++++ Input ++++
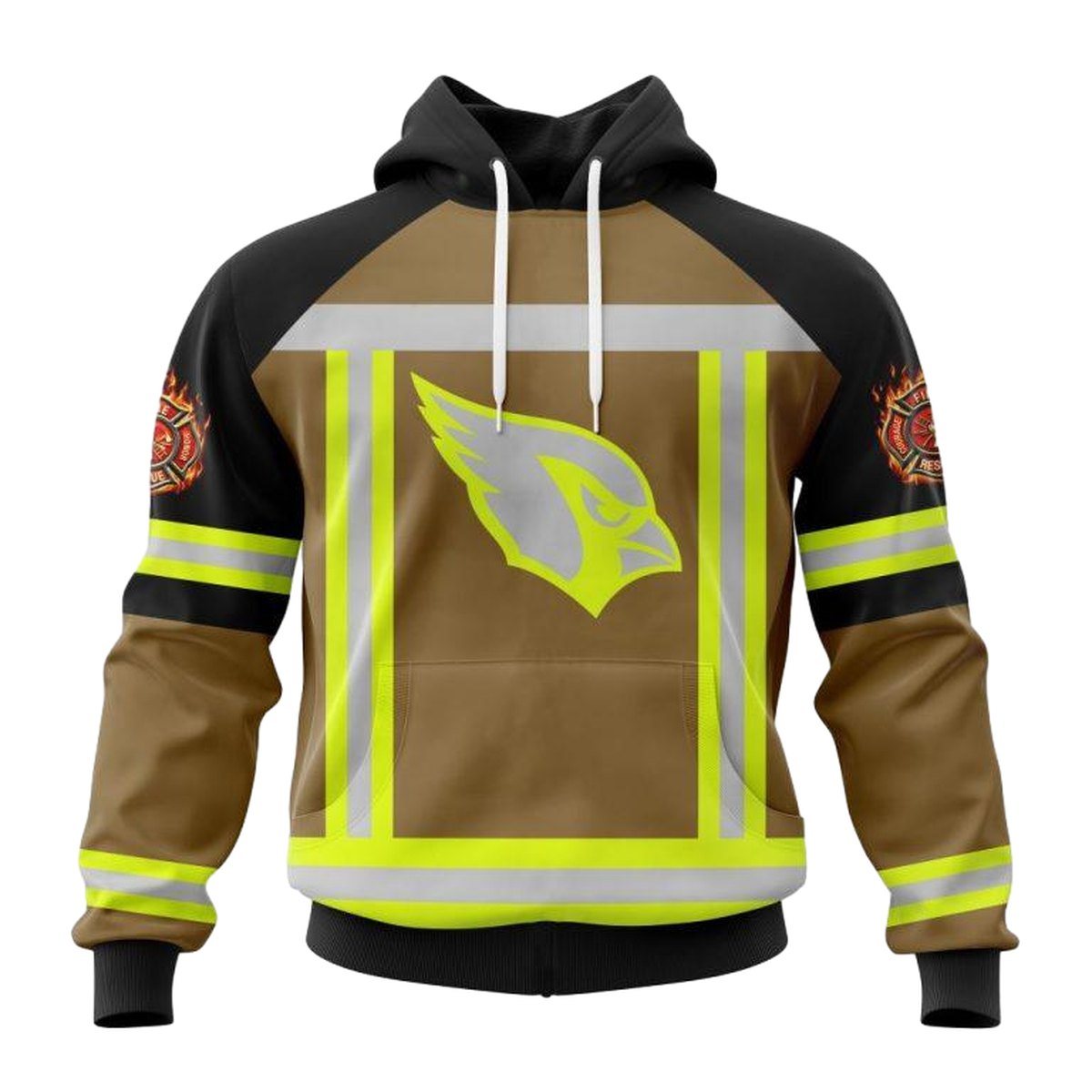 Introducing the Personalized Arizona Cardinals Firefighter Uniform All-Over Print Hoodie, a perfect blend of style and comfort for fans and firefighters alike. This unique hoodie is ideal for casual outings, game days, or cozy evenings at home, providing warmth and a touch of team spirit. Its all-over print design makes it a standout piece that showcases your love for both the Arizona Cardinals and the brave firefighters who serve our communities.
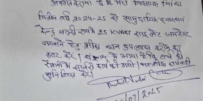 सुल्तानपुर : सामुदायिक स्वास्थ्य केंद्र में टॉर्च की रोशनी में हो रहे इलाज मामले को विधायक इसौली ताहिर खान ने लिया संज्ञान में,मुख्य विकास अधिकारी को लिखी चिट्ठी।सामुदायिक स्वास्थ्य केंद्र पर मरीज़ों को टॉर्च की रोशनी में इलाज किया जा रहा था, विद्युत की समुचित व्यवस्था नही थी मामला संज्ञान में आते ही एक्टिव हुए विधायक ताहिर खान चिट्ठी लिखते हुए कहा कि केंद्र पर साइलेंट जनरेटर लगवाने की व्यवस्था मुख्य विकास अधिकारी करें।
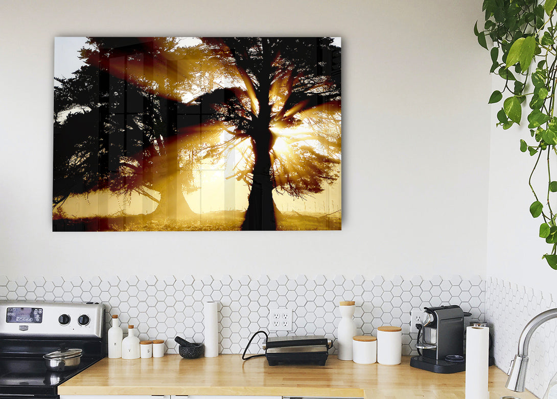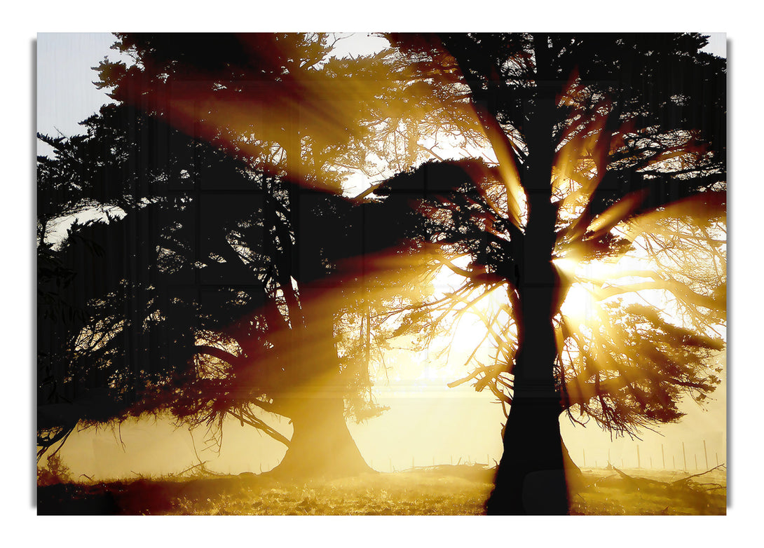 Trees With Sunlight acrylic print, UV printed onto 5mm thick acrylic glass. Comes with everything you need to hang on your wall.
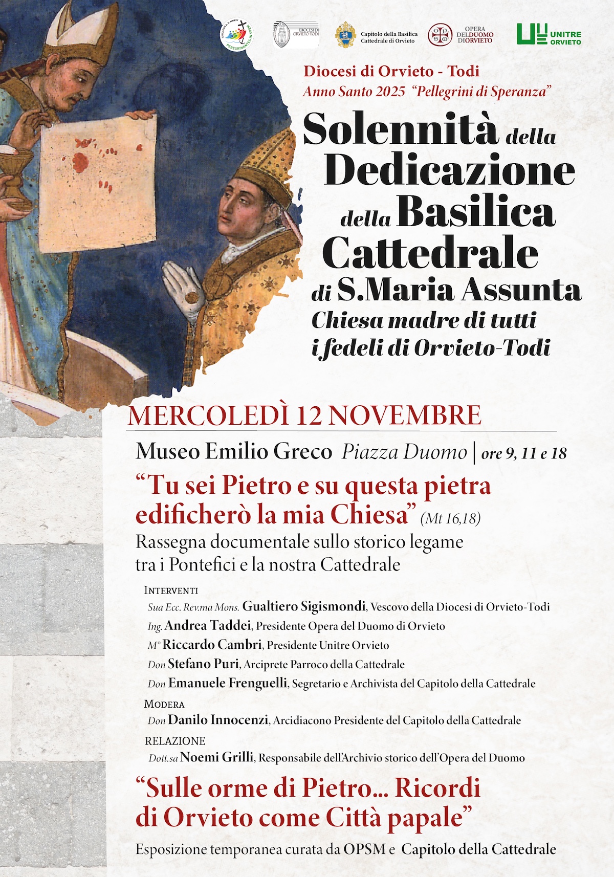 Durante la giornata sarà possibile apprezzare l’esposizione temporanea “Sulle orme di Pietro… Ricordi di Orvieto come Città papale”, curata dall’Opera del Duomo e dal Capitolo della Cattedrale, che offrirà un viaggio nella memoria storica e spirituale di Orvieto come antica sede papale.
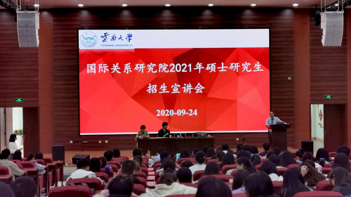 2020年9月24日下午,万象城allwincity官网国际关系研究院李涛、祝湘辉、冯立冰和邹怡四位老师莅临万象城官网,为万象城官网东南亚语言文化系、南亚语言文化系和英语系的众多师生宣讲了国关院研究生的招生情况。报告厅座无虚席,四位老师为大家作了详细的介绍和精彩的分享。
++++
++++ Input ++++
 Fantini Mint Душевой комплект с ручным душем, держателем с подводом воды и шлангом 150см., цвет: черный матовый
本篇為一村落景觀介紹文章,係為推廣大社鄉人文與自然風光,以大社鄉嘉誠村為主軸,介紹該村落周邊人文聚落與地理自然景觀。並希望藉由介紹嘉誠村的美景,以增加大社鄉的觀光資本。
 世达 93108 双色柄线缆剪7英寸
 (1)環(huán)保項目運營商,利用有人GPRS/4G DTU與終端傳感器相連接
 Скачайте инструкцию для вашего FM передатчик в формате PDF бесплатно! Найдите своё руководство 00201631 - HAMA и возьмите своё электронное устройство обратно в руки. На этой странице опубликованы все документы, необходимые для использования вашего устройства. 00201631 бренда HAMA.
++++
Required work =>
Starting with the line with "(1)環(huán)保項目運" above and going on through the line with "Скачайте инструкцию для", transcribe every line exactly, both ends included, and add nothing.

Result below =>
 (1)環(huán)保項目運營商,利用有人GPRS/4G DTU與終端傳感器相連接
 Скачайте инструкцию для вашего FM передатчик в формате PDF бесплатно! Найдите своё руководство 00201631 - HAMA и возьмите своё электронное устройство обратно в руки. На этой странице опубликованы все документы, необходимые для использования вашего устройства. 00201631 бренда HAMA.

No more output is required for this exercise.